Instructions for the task:
Nothing but the lines from the first line of the records through the line with "2014秋冬新品歐洲站外貿(mào)高檔" should be output, exactly as written and free of pictures.

Given data:
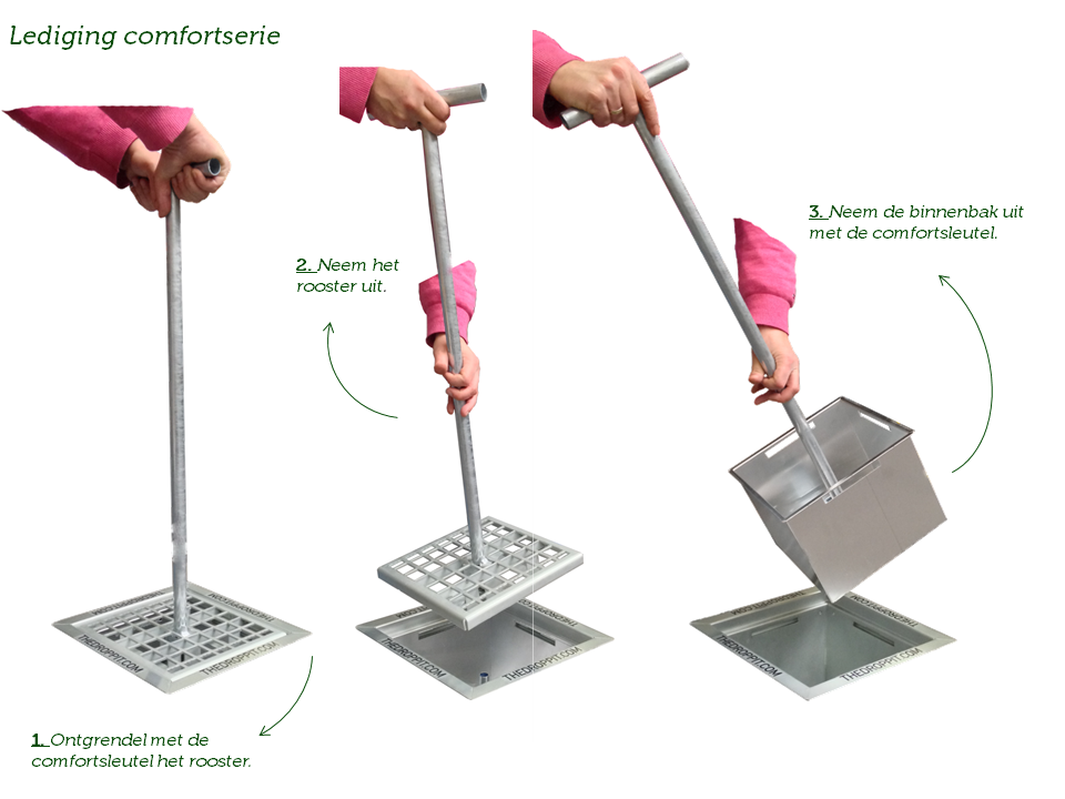 Avec la clé de confort, vous pouvez facilement, rapidement, hygiéniquement et respecter les règles de santé et de sécurité au travail pour retirer la grille et la boîte intérieure. Pas besoin de se pencher!
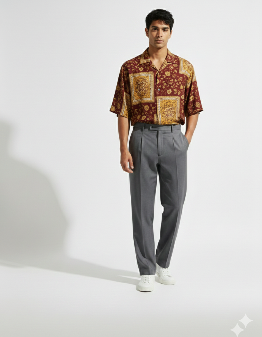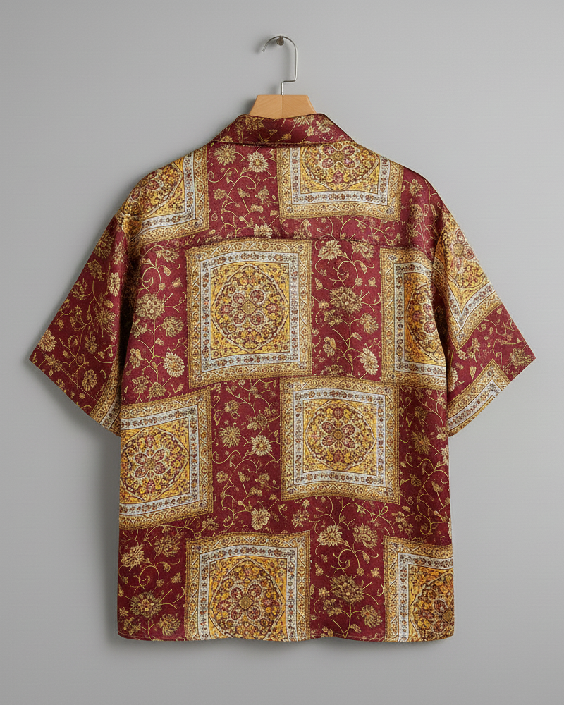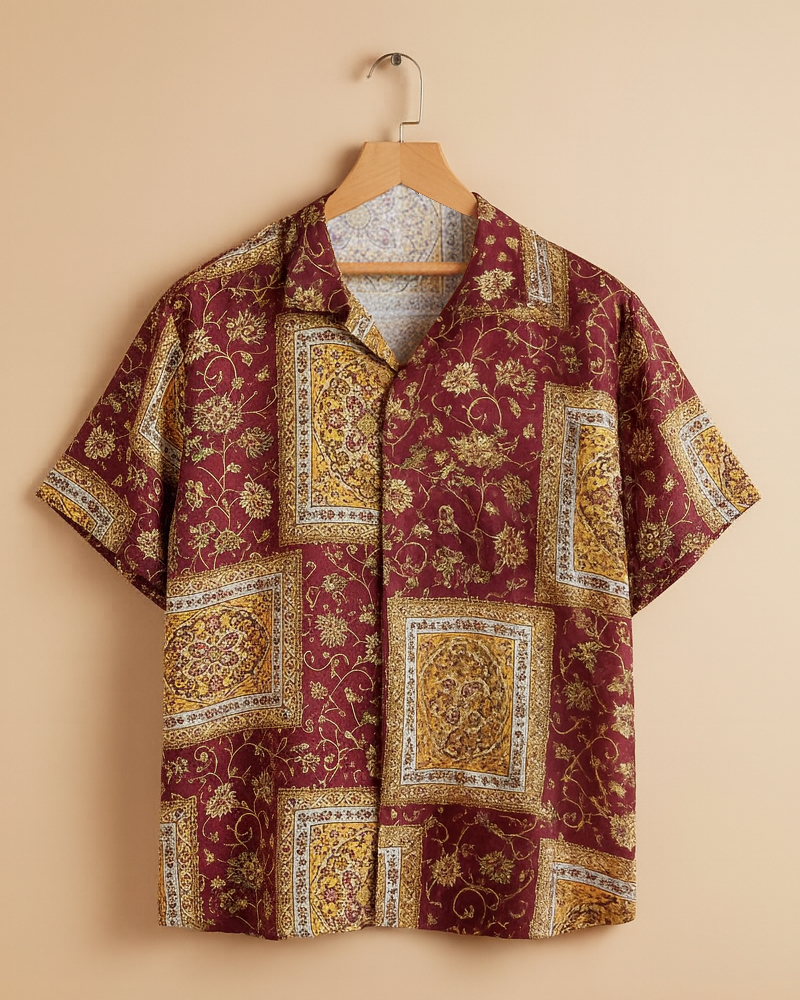 Crafted from smooth satin fabric, this maroon half-sleeve shirt features rich vintage floral patterns with a subtle sheen. Designed for a relaxed yet refined look, it offers effortless elegance, comfort, and a statement style for special occasions or elevated casual wear.
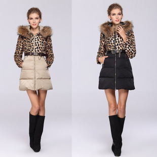 2014秋冬新品歐洲站外貿(mào)高檔女裝時尚大毛連帽領(lǐng)長袖豹紋羽絨服 /
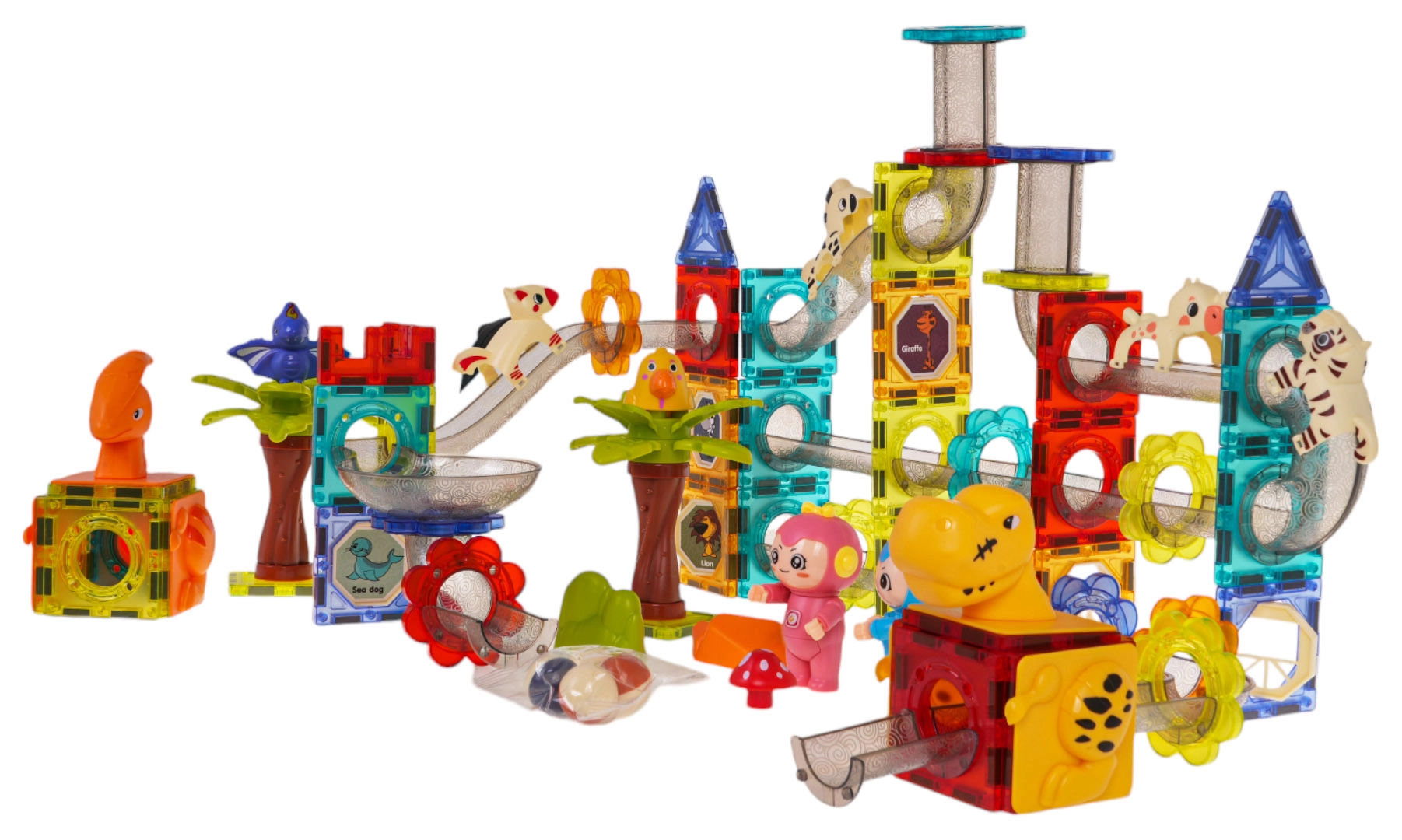 Zestaw kolorowych magnetycznych klocków z motywem ZOO, dla dzieci od 3 lat. Zestaw składa się ze 153 elementów i pozwala zbudować tor kulkowy w dowolnym układzie. Klocki wykonane są z najwyższej jakości tworzywa, gładkie i starannie wykończone. Łączą się za pomocą wbudowanych magnesów. Magnesy bardzo dobrze trzymają i zapewniają stabilność konstrukcji. W zestawie znajduje się ilustrowana instrukcja budowy przykładowych torów. . |
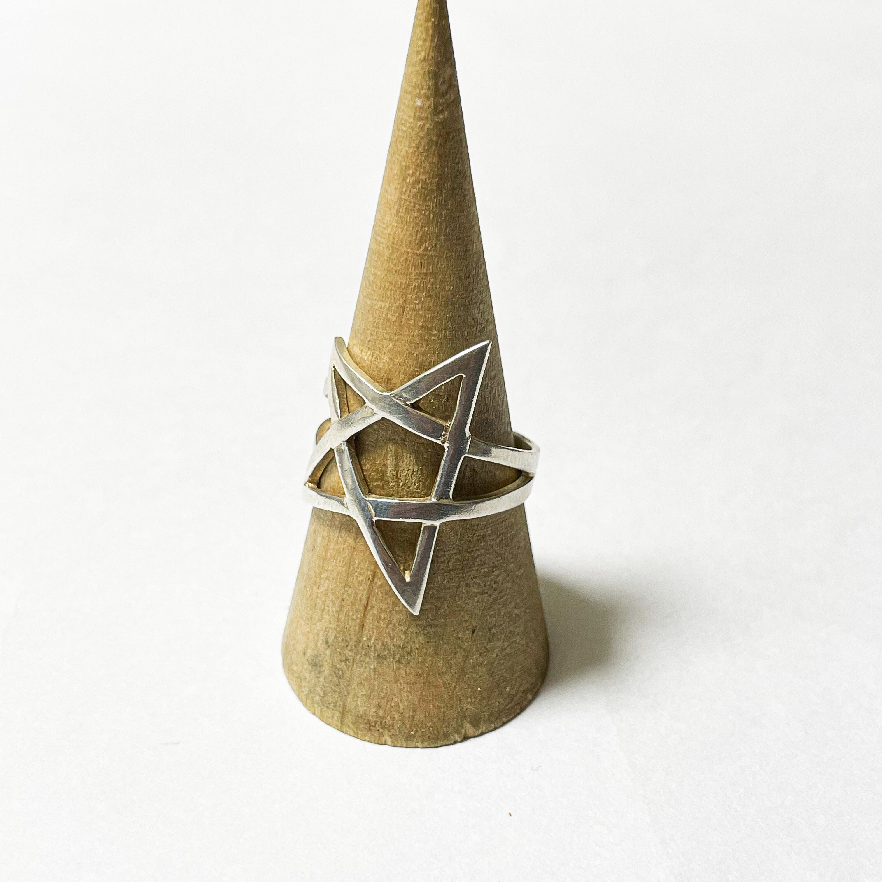 ハンガリー製925シルバーの五芒星リングです。 スターデザインのリングは多数あれど、こちらはモダンでイカしてデザインです。 裏にハンガリーでら2006〜2016年まで使われていた925シルバーのホールマークが確認できます。 Weight*約4.1g Size*約22号 Condition*特に目立つダメージや汚れはなく良い状態です。 あくまで年代物ですので神経質な方や新品の様なものをお求めの方はご購入をお控え下さいませ。
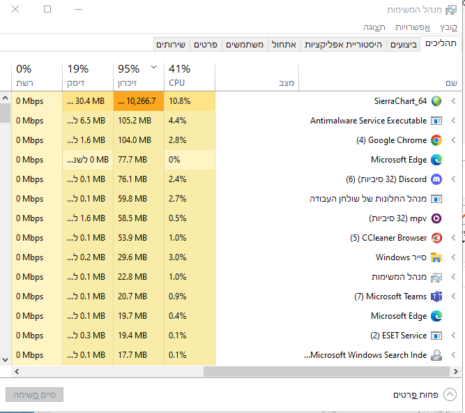 Hi there, Something happened to my programs Sierra Chart & Teton: I can not open them as well, the RAM its like out of memory. I didn't download something else. I didn't change any settings of the programs. My computer is getting crazy while the program is running and I don't know what to do. Picture attached below. Thank you. |
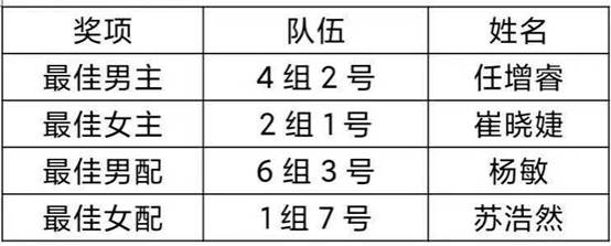 经过激烈的比拼,评选出一等奖1队,二等奖2队,三等奖3队,男、女主角,男、女配角各1人。
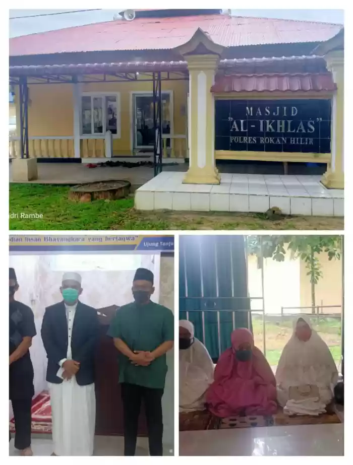 UJUNGTANJUNG- Kapolres Rokan hilir AKBP Nurhadi Ismanto SH.S.I.I dan Ibu ketua cabang Bayangƙari beserta staf laksanakan sholat Aidil adha di masjiɗ Al-Ikhlas Polres Roƙan Hilir Jumat 31 Juli 2020 dengan penuh kesederhanaan dan kerendahan hati.
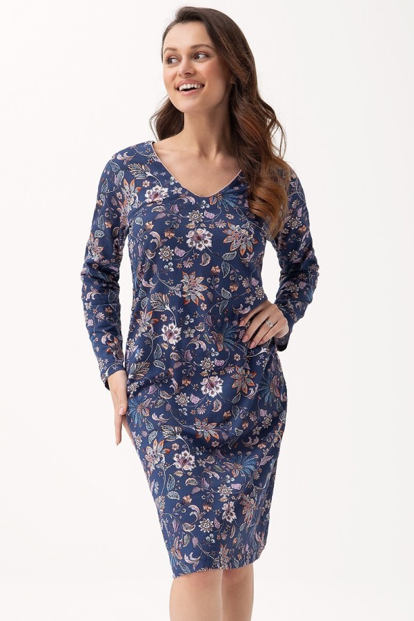 Rochie de noapte de dama realizata din bumbac de inalta calitate. Rochia are maneca lunga, decolteu in V si prezinta model deosebit.

Written response:
 Avec la clé de confort, vous pouvez facilement, rapidement, hygiéniquement et respecter les règles de santé et de sécurité au travail pour retirer la grille et la boîte intérieure. Pas besoin de se pencher!
 Crafted from smooth satin fabric, this maroon half-sleeve shirt features rich vintage floral patterns with a subtle sheen. Designed for a relaxed yet refined look, it offers effortless elegance, comfort, and a statement style for special occasions or elevated casual wear.
 2014秋冬新品歐洲站外貿(mào)高檔女裝時尚大毛連帽領(lǐng)長袖豹紋羽絨服 /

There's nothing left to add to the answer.